I do not know if the directors of the movie intended to send any sort of message about mental health or not, but what I took away from the movie certainly hit home. I don’t want to spoil the movie for anyone, but more or less, it depicts how the joker went from being a semi-normal member of society who was struggling with a difficult medical condition and challenging familial situation to the unhinged villain we all know him as. Many of the steps that took him from normal Arthur to full blown Joker involved a series of misunderstandings, insensitivities, and direct abuses of the mental health condition he was facing. There was an overall absence of an adequate system and environment to support what he was handling, stemming from every area of life, including governmental programs, general attitudes towards mental health, and familial and social dysfunction. This eerily mirrors a lot of the problems that I’ve witnessed, and personally experienced, in facing a spectrum of mental health issues within our society. The movie takes a lot of the genuine realities we face when handling mental health and spins them into a much darker context, but it’s not always hard to feel like it would take all that much to push us over the line into a joker-esque dystopia. This is simply food for thought that I encourage you to consider, starting with actually seeing the movie and actively trying to have empathy for the situations Arthur finds himself in.

I’ve heard some controversy over the movie in the context of the complaint that the movie inaccurately portrays mental health in a way that is to the detriment of those of us who actually face mental health conditions. I don’t agree with this sentiment, as even though this movie certainly took the negative outcomes of poor mental health to the extreme, it highlights some very real aspects of what it is like to be mentally ill in a culture that does not inherently support or understand these kind of issues. It shows how easy it can be to feel insane or hopeless when there is an overwhelming lack of empathy for the situation that you find yourself in, and even though it does dramatize this aspect, it still highlights a very real, overlooked reality that many people face.

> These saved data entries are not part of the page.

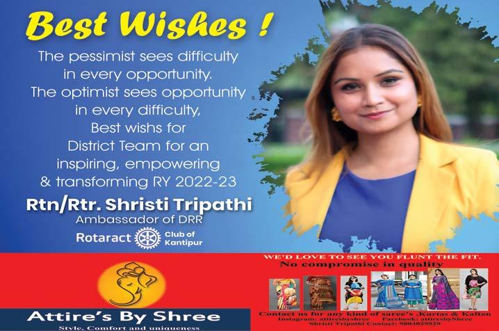 My best wishes and hearty congratulations to District Rotaract Representative (DRR), his team members and all friends for upcoming Rotary Year 2022-2023.
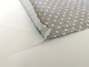 1) Na przedniej stronie bawełnianej tkaniny ułóż włókninę i w górnej części zszyj ze sobą materiały.
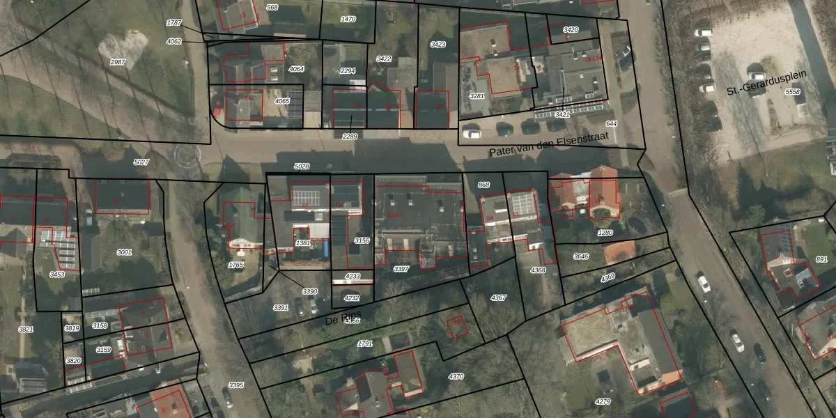 Het perceel waarop Pater van den Elsenstraat 37 staat heeft een oppervlakte van 610 m². Dit is een groot perceel. De perceeloppervlakte wordt geregistreerd door het Kadaster. Gedetailleerde informatie over de maten van dit perceel kunt u vinden in het rapport Kadastrale kaart met maatvoering van Pater van den Elsenstraat 37.

There is no singular experience for struggling with mental health, and although it appears (from statistical analyses) that most people do not experience mental health struggles to the extremes of what the Joker faced, or to the point of hospitalization, the movie calls attention to some sobering realities: that we have a long way to go with education on mental health, as well as with support for mental health programs and the individuals who need these services. We are in need of a very large, overall attitude shift in this culture with how we handle all versions of mental health deviations. The way we so much as think about mental health has the capacity to literally be life changing.

I highly encourage you to go see the movie if you have not yet done so, and I also highly encourage you to examine how you personally interact with facets of mental health support, and how we can incorporate better attitudes and policies into our communities.